Nutrition balance score
Unbalanced
Glycemic Index
23
Low
Nutrition per serving
Calories1582.6 kcal (79%)
Total Fat126.9 g (181%)
Carbs17.6 g (7%)
Sugars9.3 g (10%)
Protein80.5 g (161%)
Sodium362.3 mg (18%)
Fiber1.6 g (6%)
% Daily Values based on a 2,000 calorie diet
Ingredients
0 servings
Instructions
Step 1
Put a large, heavy sauté pan over medium heat, and melt 4 tablespoons of the butter until it begins to foam. Add the shallots, and sauté them until translucent, being careful not to allow them to brown. After another minute or two, as the onion is starting to soften and become translucent, add the liver and thyme.

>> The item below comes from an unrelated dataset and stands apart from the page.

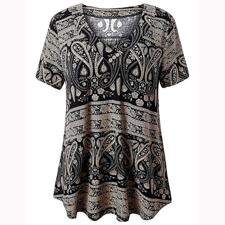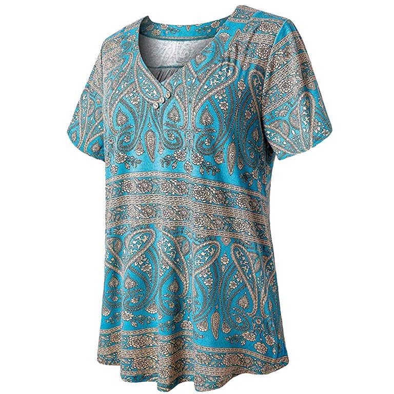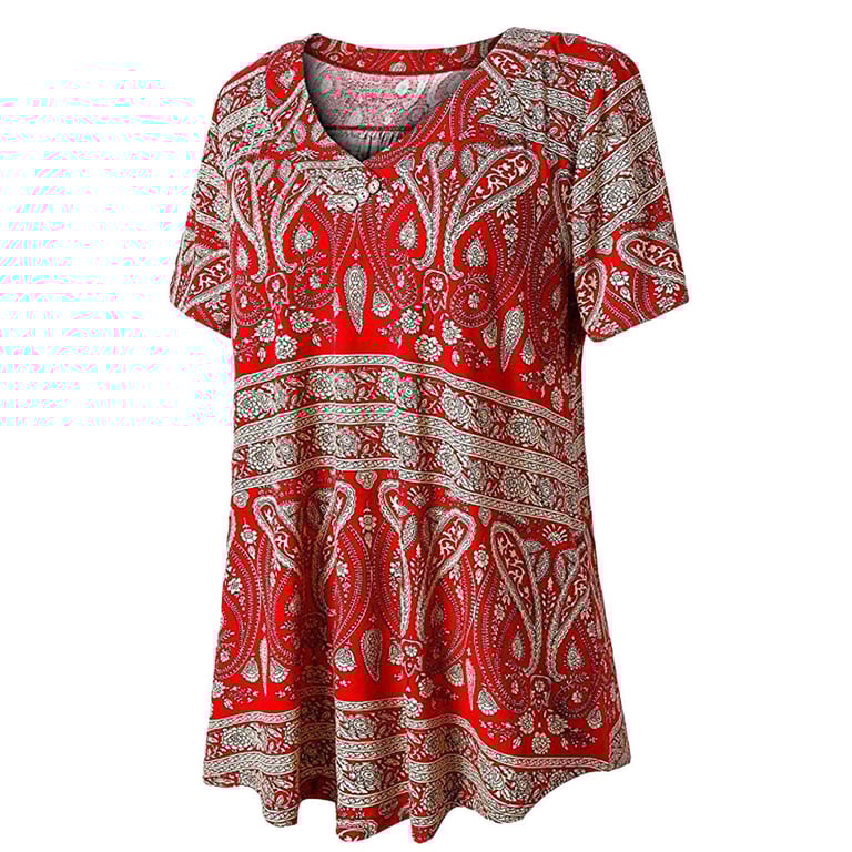 Lockeres Damen T-Shirt mit kurzen Ärmeln, V-Ausschnitt mit Knöpfen, erhältlich in drei Farben.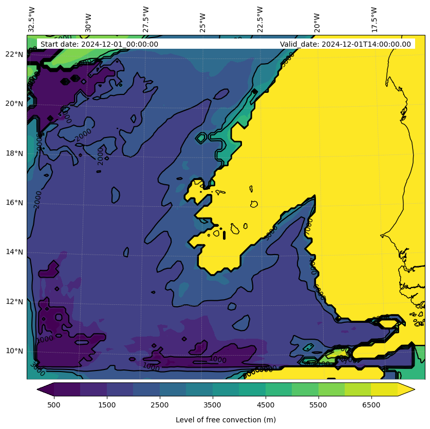 - Level of free convection (m)

Cook for around 3 minutes on each side until lightly cooked on the outside but still pink in the middle. Add the brandy to the skillet/pan and stir gently to help the brandy evaporate off the alcohol and reduce. After a minute or two it will become almost syrup-like, then remove from the heat. Cook, occasionally stirring the livers around in the pan with a spoon, until the wine has reduced and the livers are lightly browned but still very soft and pink on the inside, approximately 5 minutes.
Step 2
Remove the pan from the stove, and put its contents into a blender or food processor, along with the cream and the remaining butter. Purée until smooth, adding a little more cream if necessary. Taste and adjust seasoning, adding salt if necessary.
Step 3
Pack the pâté into a glass jar or bowl, then smooth the top with a spatula. Cover with plastic wrap and refrigerate until firm, about two hours or up to five days. Serve with bacon-onion jam and copious amounts of toast. Without a layer on top, it will keep just a day or two in the fridge. With the protective layer of butter, it will keep for around 5 days. To use the pate soon, store it in the fridge.
Step 4
Chicken liver pâté freezes well; just let it thaw in the refrigerator overnight or for several hours before serving. If you're making it the day you want to serve it, be sure to give it several hours in the refrigerator to firm up first. For longer storage, you can freeze it for a couple of months though make sure it is well sealed. Either way, it's worth dividing the pate into smaller dishes so you only need to have a small amount open at a time.